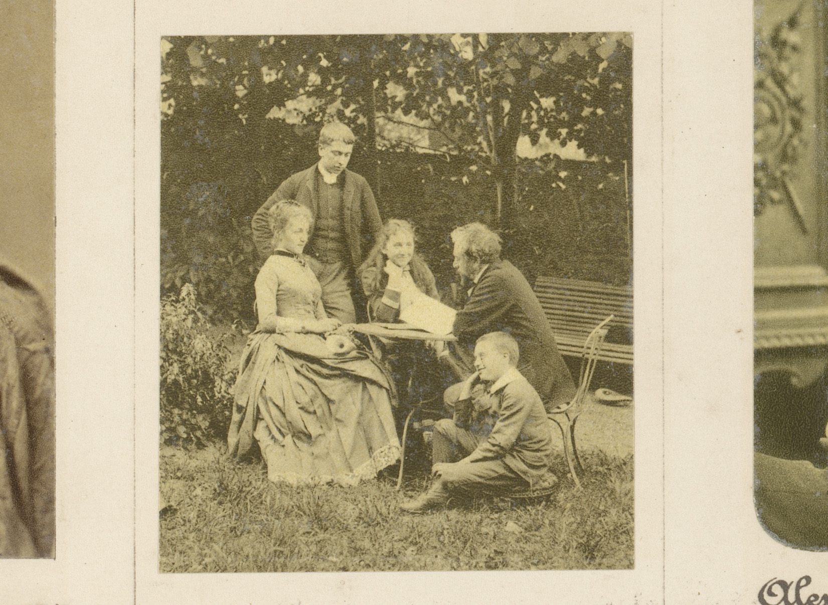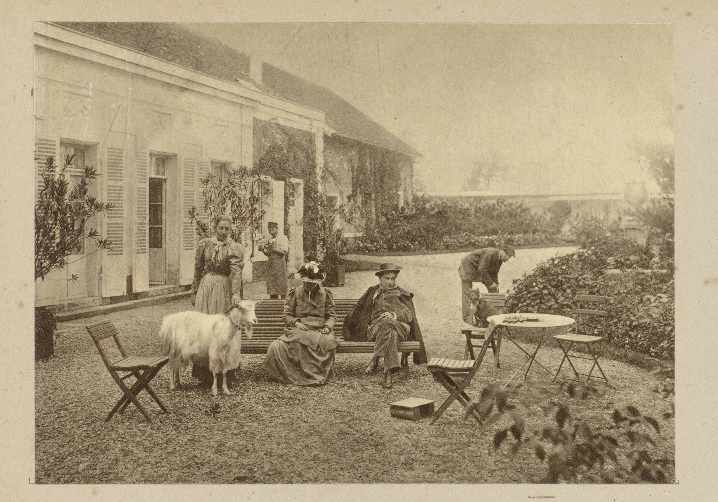 François Coppée met enkele tuinmannen en twee vrouwe...
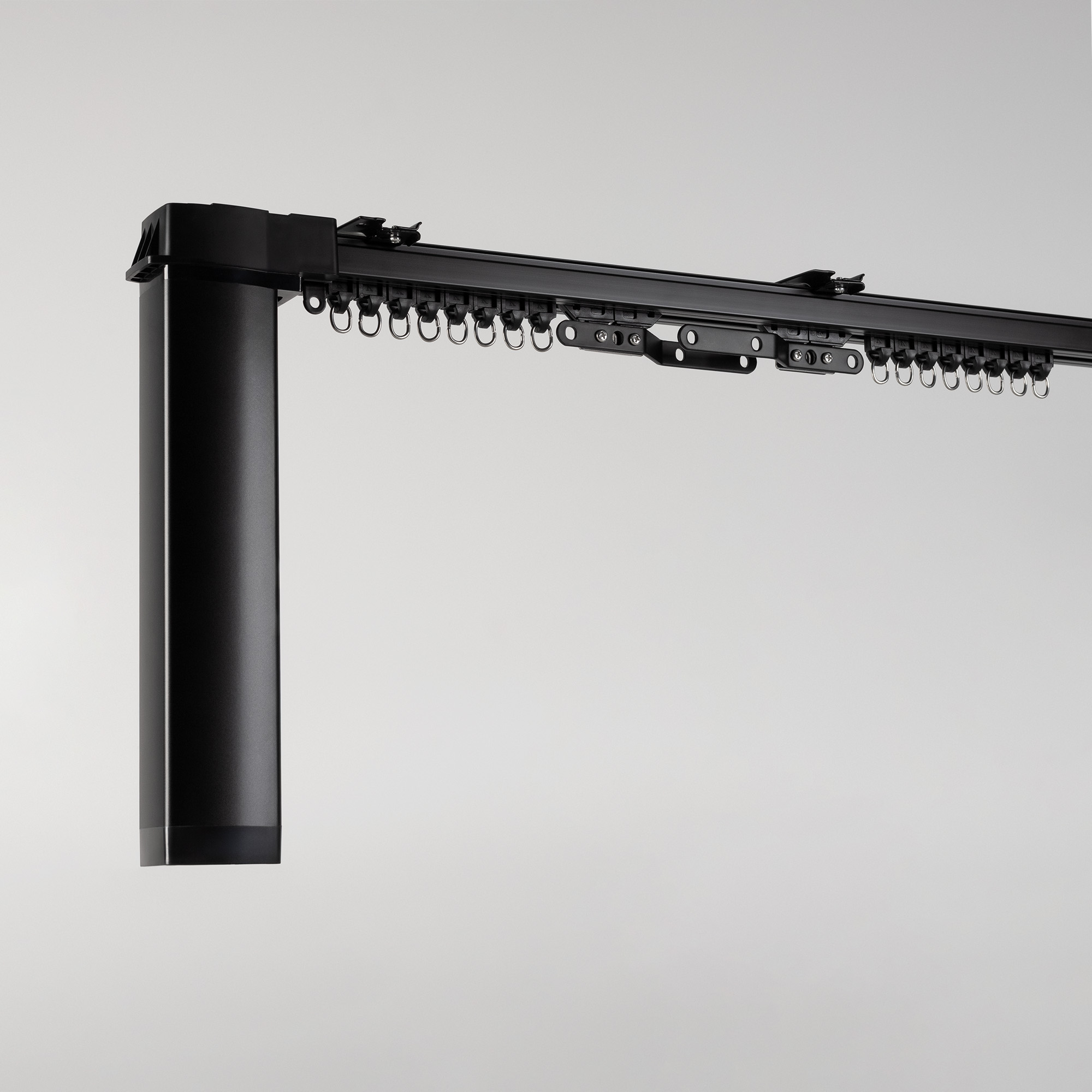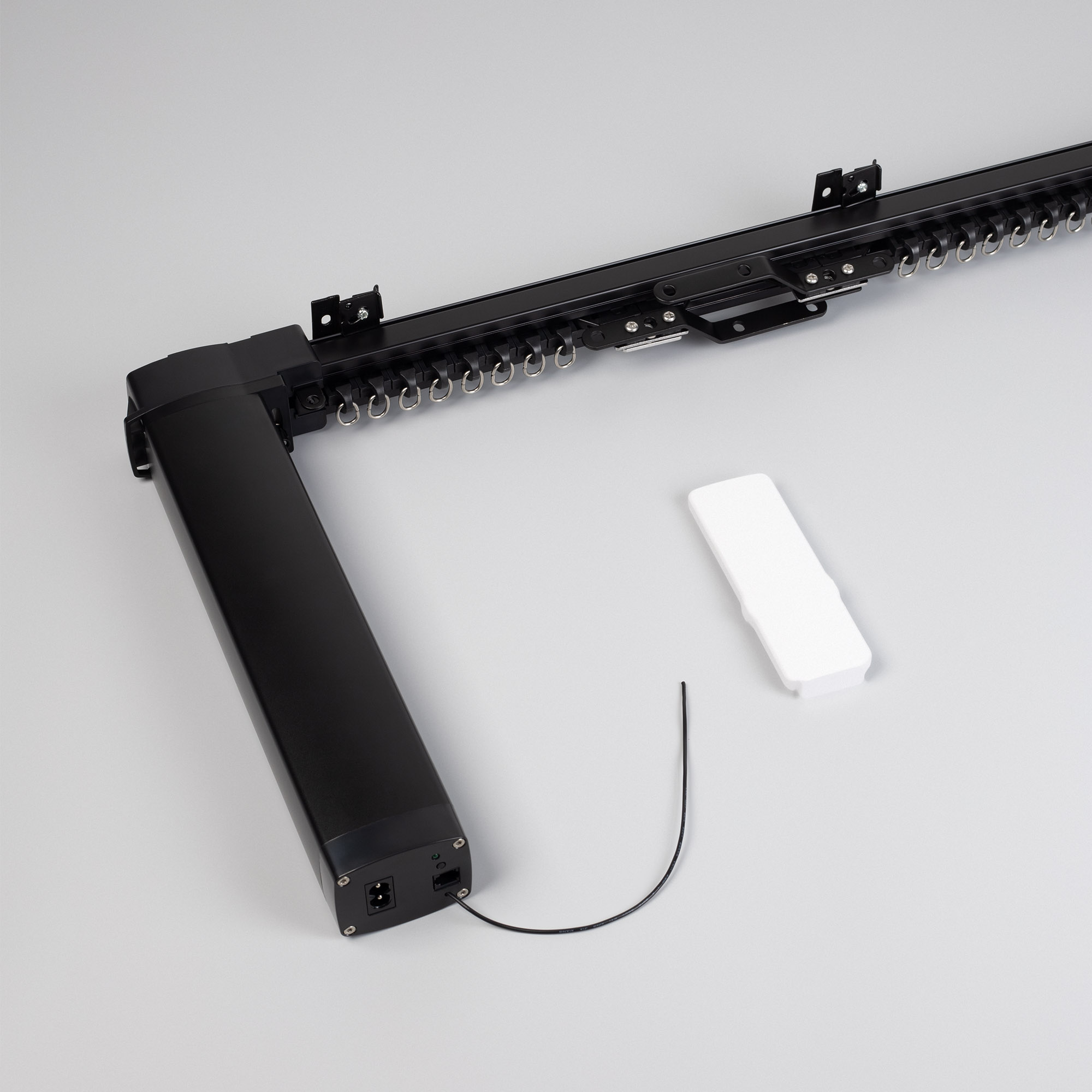 Полный комплект черного электрокарниза из металлического профиля с мотором. Готовое решение для установки карниза, который будет управляться дистанционно пультом, с помощью приложения на телефоне, голосовым помощником, либо вручную. Возможность выбора нужной длины благодаря наборным частям.
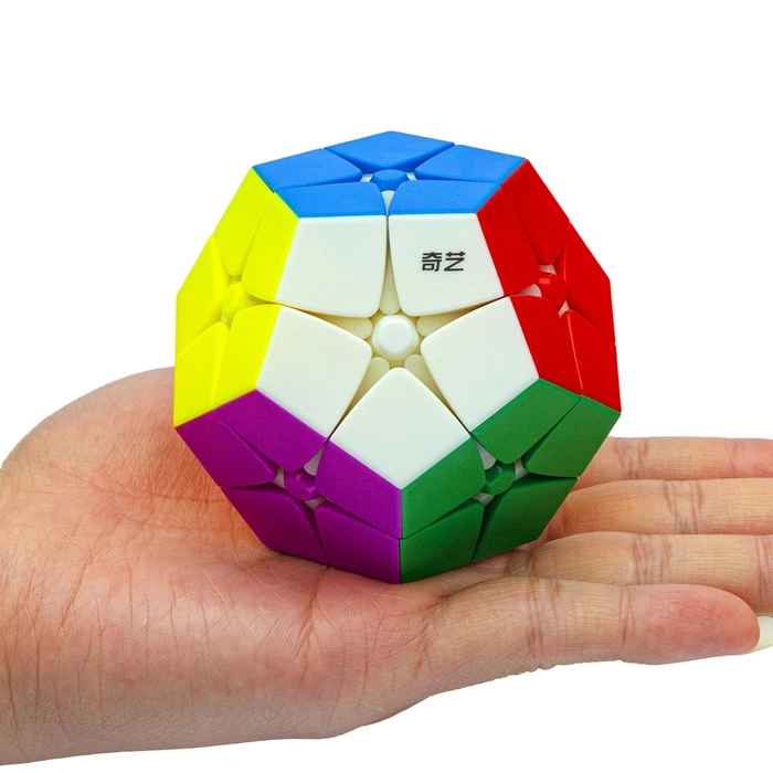 The QiYi 2x2 Kilominx Stickerless is a unique puzzle that combines the challenge of a megaminx with the simplicity of a 2x2 design. Unlike traditional kilominxes, this version features colored fixed center caps, making it more similar to solving a classic megaminx while keeping its compact and approachable form.

How to complete this task:
What you return should be the full listing, unchanged, minus the pictures.

Reply:
 François Coppée met enkele tuinmannen en twee vrouwe...
 Полный комплект черного электрокарниза из металлического профиля с мотором. Готовое решение для установки карниза, который будет управляться дистанционно пультом, с помощью приложения на телефоне, голосовым помощником, либо вручную. Возможность выбора нужной длины благодаря наборным частям.
 The QiYi 2x2 Kilominx Stickerless is a unique puzzle that combines the challenge of a megaminx with the simplicity of a 2x2 design. Unlike traditional kilominxes, this version features colored fixed center caps, making it more similar to solving a classic megaminx while keeping its compact and approachable form.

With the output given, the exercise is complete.